2. Pursuant to Federal Rule of Civil Procedure 65, the Court has discretion to decide whether to grant the requested extraordinary relief. See Kos Pharm., Inc. v. Andrx Corp., 369 F.3d 700, 708 (3d Cir. 2004) ("Preliminary injunctive relief is an extraordinary remedy and should be granted only in limited circumstances.") (internal quotation marks omitted). A party seeking a temporary restraining order must show: (1) "a reasonable probability of success on the merits;" (2) "the movant will be irreparably injured by denial of the relief;" (3) "granting preliminary relief will [not] result in even greater harm to the nonmoving party;" and (4) "granting the preliminary relief will be in the public interest." Allegheny Energy, Inc. v. DQE, Inc., 171 F.3d 153, 158 (3d Cir. 1999).
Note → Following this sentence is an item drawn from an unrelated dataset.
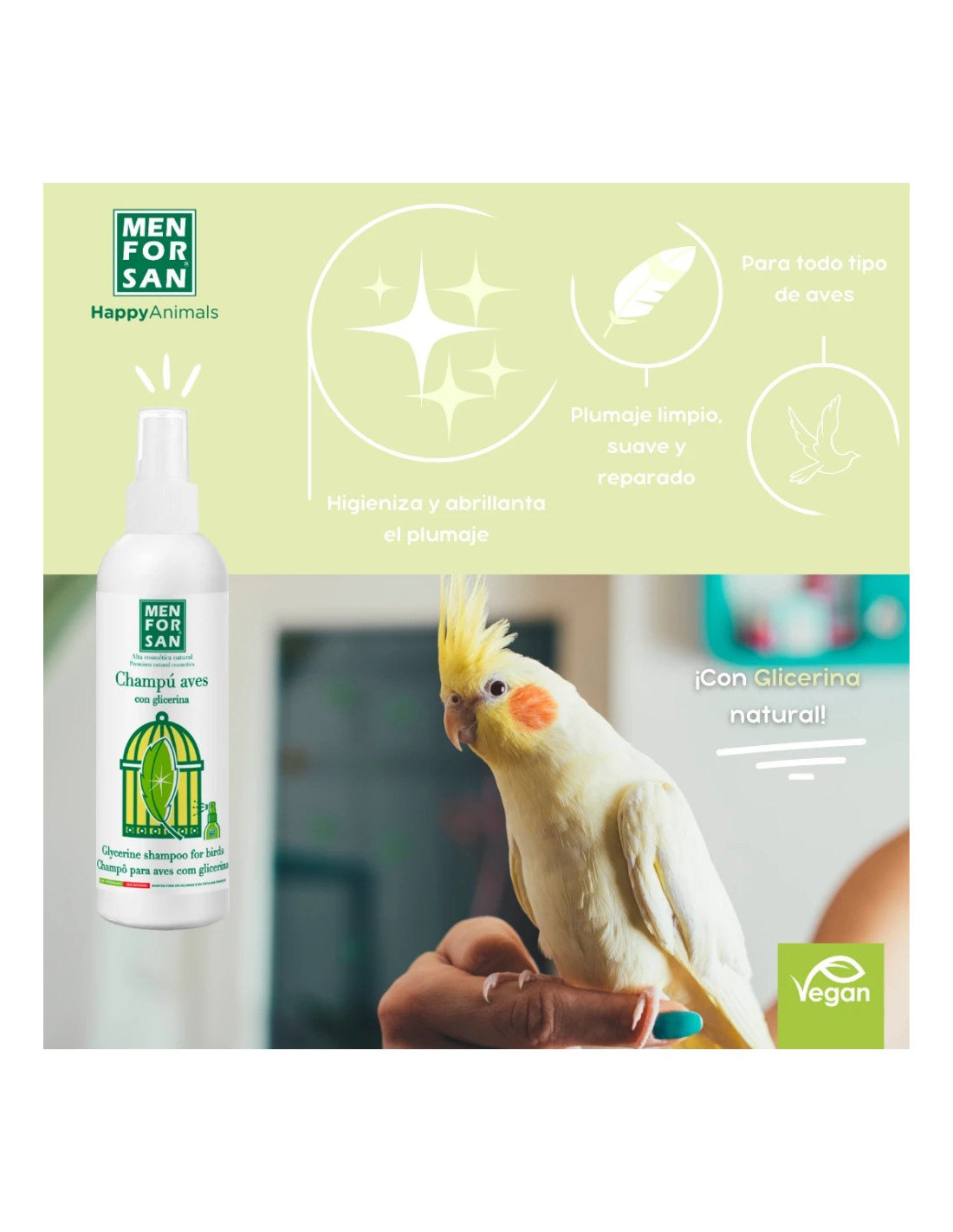 Cuida el plumaje de tus aves con el Champú Abrillantador de Menforsan, especialmente formulado para limpiar, hidratar y dar brillo a sus plumas. Gracias a su contenido en glicerina, limpia suavemente sin dañar la estructura de las plumas y ayuda a mantenerlas suaves, flexibles y con un aspecto saludable.

3. Plaintiff has failed to show a likelihood of success on the merits. It appears likely that the non-compete provision on which Plaintiff relies (Section 7(a)(iii)) expired with the termination of the Agreement, as this provision (unlike others in the Agreement) contains no survival clause. As for the trade secret claims (based on alleged violations of Section 7(b)(ii) of the Agreement as well as Delaware statute), the Court does not find a likelihood of success given Plaintiff's failure to identify with specificity one or more trade secrets to which Defendant had access and could have misused. See generally IDX Sys. Corp. v. Epic Sys. Corp., 285 F.3d 581, 583-84 (7th Cir. 2002) (stating plaintiff "must demonstrate that [trade secret] is valuable, not known to others who might profit by its use, and has been handled by means reasonably designed to maintain secrecy").

4. With regard to irreparable harm, the record the Court has been provided of the parties' pre-suit correspondence shows that Defendant made clear at least many months ago its views with respect to expiration of the non-compete provision in the Agreement and its belief that it had not been provided access to any specific trade secret belonging to Plaintiff. ( See D.I. 7 Exs.)[1] In this context, especially given the timing of the lawsuit and the motion, the Court finds no persuasive basis to conclude that any harm Plaintiff will suffer in the absence of a TRO would be irreparable.

5. On balance of the harms, Plaintiff again fails to persuade the Court. The lack of irreparable harm to Plaintiff is outweighed by the harm that would be caused to Defendant from entry of the requested TRO, which would disrupt Defendant's planned display at the AIA convention tomorrow and interfere with Defendant's marketing plans. Particularly given that Plaintiff appears to have had some notice well before yesterday of at least a significant portion of Defendant's plans, the balance of harms disfavors granting a TRO.

6. Finally, the public interest disfavors relief as well. In the extremely short time Plaintiff has given the Court to decide its motion, Plaintiff has failed to show that the public interest supports immediate judicial intervention in the parties' competitive relationship in the manner proposed by Plaintiff.

Accordingly, IT IS HEREBY ORDERED that Plaintiff's Motion for Temporary Restraining Order (D.I. 2) is DENIED.